The essential idea of VMAF is that individual quality metrics, such as visual information, detail loss and motion (temporal difference between adjacent frames), only give partial measures of perceptual quality, but when fused together can yield a more accurate “master metric”. Netflix has applied conventional machine learning to assign weights to different metrics and tune the model until it matches human perception as closely as possible.
The latest version of VMAF featured at NAB 2019 in a product called ClearView from Video Clarity, which has found it very consistent across content types and good at assessing artefacts associated with streaming.
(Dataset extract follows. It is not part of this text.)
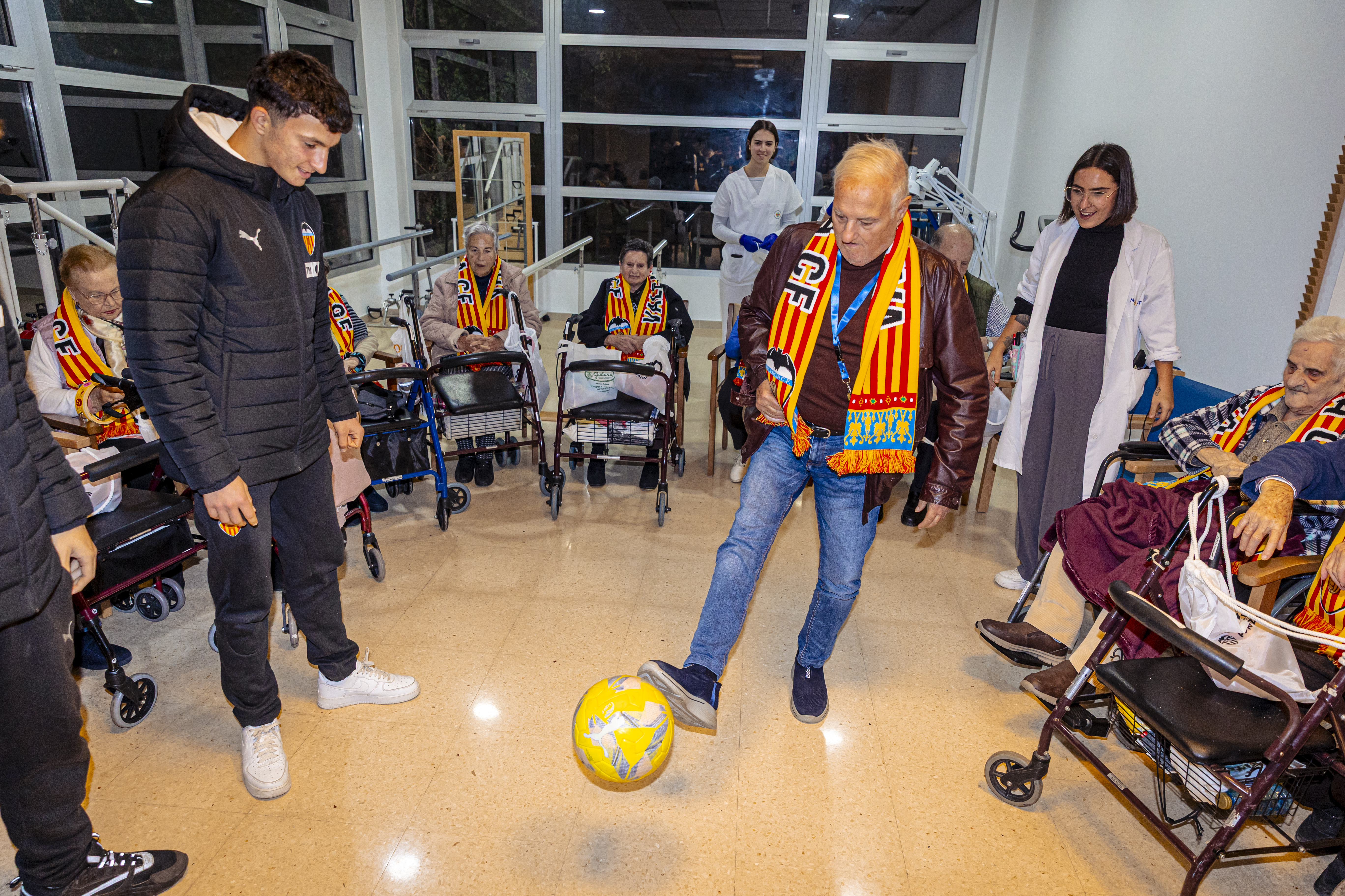 Durante unas horas, l@s jugador@s de la Academia VCF revolucionaron el centro y alegraron la jornada tanto a los mayores residentes como a los trabajadores de un centro que ya funciona a pleno rendimiento tras verse afectado el pasado año por la trágica DANA del 29 de octubre.

However, SSIMWAVE has not been standing still and at NAB showed the latest version of its technology in SSIMPLUS, with a focus on comparing individual components such as encoders, transcoders and packagers. It also wants to apply its technology to Service Level Agreements covering content handoffs between different parties in the distribution chain.
It will be interesting to see how SSIMPLUS shapes out against VMAF, although it definitely scores for efficiency, certainly in earlier tests. A study from the University of Waterloo in Ontario published July 2017 found that SSIMPLUS ran 10 times faster than Netflix’s VMAF at the time.